Segment Start: EXTRACTED RECORDS

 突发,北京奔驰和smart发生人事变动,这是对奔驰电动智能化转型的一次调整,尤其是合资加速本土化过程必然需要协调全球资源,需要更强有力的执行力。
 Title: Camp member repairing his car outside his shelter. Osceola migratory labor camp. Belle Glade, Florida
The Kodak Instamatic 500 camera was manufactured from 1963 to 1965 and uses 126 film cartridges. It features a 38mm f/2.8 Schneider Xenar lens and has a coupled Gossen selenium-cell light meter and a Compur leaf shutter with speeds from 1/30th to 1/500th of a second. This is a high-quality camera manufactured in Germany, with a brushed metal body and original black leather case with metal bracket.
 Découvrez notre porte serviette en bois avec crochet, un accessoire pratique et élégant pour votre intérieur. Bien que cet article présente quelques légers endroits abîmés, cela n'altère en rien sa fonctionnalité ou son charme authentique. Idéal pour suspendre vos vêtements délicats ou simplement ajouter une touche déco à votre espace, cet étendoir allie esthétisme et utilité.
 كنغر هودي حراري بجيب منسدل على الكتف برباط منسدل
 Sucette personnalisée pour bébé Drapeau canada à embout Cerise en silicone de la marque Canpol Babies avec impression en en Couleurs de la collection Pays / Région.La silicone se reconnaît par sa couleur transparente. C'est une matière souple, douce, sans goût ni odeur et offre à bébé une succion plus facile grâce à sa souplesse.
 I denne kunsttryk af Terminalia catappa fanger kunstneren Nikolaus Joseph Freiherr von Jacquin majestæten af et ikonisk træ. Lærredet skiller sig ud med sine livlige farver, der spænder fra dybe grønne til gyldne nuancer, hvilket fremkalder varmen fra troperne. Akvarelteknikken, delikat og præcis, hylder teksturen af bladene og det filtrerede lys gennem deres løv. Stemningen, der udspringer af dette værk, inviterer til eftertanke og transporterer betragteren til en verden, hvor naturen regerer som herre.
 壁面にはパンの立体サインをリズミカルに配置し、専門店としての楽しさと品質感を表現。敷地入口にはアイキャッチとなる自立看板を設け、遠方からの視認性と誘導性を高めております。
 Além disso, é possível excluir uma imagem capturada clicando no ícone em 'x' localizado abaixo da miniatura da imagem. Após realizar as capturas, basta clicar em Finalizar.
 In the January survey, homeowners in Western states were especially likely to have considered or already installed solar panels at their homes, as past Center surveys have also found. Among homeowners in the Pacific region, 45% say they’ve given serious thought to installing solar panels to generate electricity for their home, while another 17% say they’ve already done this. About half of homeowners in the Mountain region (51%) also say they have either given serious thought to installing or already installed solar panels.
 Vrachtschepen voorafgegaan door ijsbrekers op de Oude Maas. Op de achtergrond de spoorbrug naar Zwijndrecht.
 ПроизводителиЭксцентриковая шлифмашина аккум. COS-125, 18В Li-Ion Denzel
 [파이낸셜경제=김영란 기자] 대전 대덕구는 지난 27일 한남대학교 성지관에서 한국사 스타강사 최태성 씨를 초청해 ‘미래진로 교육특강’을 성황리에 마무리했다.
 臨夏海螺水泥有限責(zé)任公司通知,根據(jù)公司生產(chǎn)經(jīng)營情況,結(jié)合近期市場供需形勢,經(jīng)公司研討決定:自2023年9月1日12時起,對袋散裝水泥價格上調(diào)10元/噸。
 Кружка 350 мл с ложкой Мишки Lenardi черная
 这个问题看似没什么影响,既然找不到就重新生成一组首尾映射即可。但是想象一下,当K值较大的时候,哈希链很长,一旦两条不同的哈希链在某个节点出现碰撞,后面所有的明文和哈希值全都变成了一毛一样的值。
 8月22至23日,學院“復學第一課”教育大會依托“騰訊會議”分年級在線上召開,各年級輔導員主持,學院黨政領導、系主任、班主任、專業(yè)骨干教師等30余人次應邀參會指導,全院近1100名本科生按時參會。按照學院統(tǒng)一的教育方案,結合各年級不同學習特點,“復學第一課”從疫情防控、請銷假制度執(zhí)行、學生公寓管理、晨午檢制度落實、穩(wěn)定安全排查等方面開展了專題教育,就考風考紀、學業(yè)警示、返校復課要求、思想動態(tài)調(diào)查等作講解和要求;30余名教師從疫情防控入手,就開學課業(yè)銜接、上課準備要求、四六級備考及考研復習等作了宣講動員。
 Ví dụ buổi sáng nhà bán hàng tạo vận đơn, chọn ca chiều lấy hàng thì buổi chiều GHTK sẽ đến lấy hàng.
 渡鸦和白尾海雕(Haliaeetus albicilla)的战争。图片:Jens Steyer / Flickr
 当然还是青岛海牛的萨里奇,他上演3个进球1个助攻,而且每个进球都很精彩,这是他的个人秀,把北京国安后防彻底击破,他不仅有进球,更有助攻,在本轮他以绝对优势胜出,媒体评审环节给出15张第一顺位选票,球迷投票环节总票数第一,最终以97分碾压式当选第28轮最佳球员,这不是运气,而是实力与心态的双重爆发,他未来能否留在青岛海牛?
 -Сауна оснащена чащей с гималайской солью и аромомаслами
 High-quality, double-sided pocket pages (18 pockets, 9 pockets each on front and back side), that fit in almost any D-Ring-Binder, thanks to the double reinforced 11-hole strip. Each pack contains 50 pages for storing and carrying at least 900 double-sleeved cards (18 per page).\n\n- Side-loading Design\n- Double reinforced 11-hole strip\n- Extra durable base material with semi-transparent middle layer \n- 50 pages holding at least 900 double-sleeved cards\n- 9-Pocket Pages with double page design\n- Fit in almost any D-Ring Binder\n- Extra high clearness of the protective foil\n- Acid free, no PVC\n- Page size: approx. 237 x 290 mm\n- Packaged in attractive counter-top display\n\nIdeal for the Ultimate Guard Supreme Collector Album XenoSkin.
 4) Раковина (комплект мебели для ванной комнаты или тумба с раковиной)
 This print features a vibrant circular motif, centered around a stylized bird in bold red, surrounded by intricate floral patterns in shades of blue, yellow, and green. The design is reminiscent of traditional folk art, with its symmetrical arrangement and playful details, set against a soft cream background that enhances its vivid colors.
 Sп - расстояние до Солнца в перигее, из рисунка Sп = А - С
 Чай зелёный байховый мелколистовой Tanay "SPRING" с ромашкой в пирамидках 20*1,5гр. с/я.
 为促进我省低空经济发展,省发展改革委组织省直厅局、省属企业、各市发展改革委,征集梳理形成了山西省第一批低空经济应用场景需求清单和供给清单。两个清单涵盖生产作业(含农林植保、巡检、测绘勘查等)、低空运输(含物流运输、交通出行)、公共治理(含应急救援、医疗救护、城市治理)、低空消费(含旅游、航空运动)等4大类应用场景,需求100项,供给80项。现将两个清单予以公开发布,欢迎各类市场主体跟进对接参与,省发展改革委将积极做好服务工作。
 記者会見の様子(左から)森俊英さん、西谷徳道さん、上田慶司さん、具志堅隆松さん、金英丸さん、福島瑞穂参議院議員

Segment End: EXTRACTED RECORDS

YOUR INSTRUCTIONS:
When the word "features" turns up on a line of the material above, copy that line.

RESPONSE BOX:
The Kodak Instamatic 500 camera was manufactured from 1963 to 1965 and uses 126 film cartridges. It features a 38mm f/2.8 Schneider Xenar lens and has a coupled Gossen selenium-cell light meter and a Compur leaf shutter with speeds from 1/30th to 1/500th of a second. This is a high-quality camera manufactured in Germany, with a brushed metal body and original black leather case with metal bracket.
 This print features a vibrant circular motif, centered around a stylized bird in bold red, surrounded by intricate floral patterns in shades of blue, yellow, and green. The design is reminiscent of traditional folk art, with its symmetrical arrangement and playful details, set against a soft cream background that enhances its vivid colors.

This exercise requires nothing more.